Overseas, we saw mixed action in Asia-Pacific with Japan’s Nikkei (+0.3%) and South Korea’s Kospi (+3.7%) hitting fresh records, while Hong Kong’s Hang Seng (-1.4%) dragged on China concerns. European indices are modestly higher, led by France’s CAC 40 (+0.9%), while geopolitical crosscurrents remain active with U.S.-Iran nuclear negotiations resuming today—though the Wall Street Journal reports the two sides remain “far apart.” In the commodity complex, crude oil is down $1.24 to $64.18, and gold retreated $25.40 to $5,200.80, suggesting some risk-on positioning despite the futures flatness. The earnings parade continues with over 30 reports this morning, creating a stock-picker’s market where individual catalysts matter more than broad index direction.
Market Health
The internal market structure shows a Very Bullish 4% sentiment reading with Bull 4% at 321 versus Bear 4% at just 124—a decisive 2.6:1 ratio that confirms yesterday’s solid rally had legitimate breadth behind it. More importantly, 76% of stocks are trading above their 20-day moving average, up sharply from recent readings and consistent with a market finding its footing after the February shakeout. The 40-day picture is less convincing at 56.46%, indicating we’re still working through an intermediate correction, but the short-term momentum shift is undeniable. The Bull 20% reading at 76 versus Bear 20% at 39 suggests new positions are working, which is exactly what you want to see when deploying capital on 2LYNCH continuation setups.

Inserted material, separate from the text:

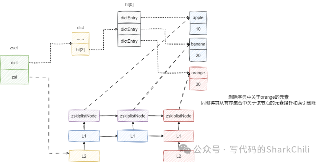 当有序集合删除元素时,除了将该元素从字典中移除,还需要将跳表中关于该元素的指针和索引全部移除,如下图,假设我们要删除orange

Sector rotation tells a clear story: Technology (RSPT) surged to 1.52, rising from 0.98 yesterday and now in the 86th percentile of its three-month range—this is PLASTICS in action as tech reasserts leadership. The 1.74% daily gain shows conviction, not just drift. Consumer Discretionary (RSPD), however, collapsed to 0.32 from 0.93, falling to the 3rd percentile and down 2.16% yesterday, suggesting rotation out of economically sensitive names. Energy (RSPG) remains elevated at 3.01 (75th percentile), though it’s falling from 3.77, indicating profit-taking after a strong run. The standout is Utilities (RSPU) at 4.00 in the 95th percentile—defensive positioning that seems incongruous with the bullish breadth readings, possibly reflecting bond market concerns. Financials (RSPF) at -0.49 (14th percentile) and Communications (RSPC) at -0.22 continue to lag, reinforcing that this is a narrow tech-led advance, not a broad-based bull market resumption.
Strategy Signals
The 2LYNCH continuation scan delivered 44 signals with quality institutional names leading the charge. AMAT at $394.95 (+4.5%, 1.1x RVOL) shows the semiconductor equipment story remains intact despite NVDA‘s lukewarm reception—this is a 70.1% risk setup with 7.0% ATR multiple, suggesting room to run if tech stays bid. ISRG at $506.17 (+2.5%) continues its surgical robotics dominance with a 93.5% risk profile, while RDDT at $149.67 (+5.3%) demonstrates that high-quality internet names with institutional backing can still work in this environment. JBL at $277.57 (+4.3%, 1.3x RVOL) in electronics manufacturing represents the infrastructure build-out trade beyond just chips. The key here is that all top signals show institutional sponsorship (INST tag), meaning smart money is validating these moves—this aligns with CRT—Controlled Risk Taking where institutional confirmation reduces speculative risk.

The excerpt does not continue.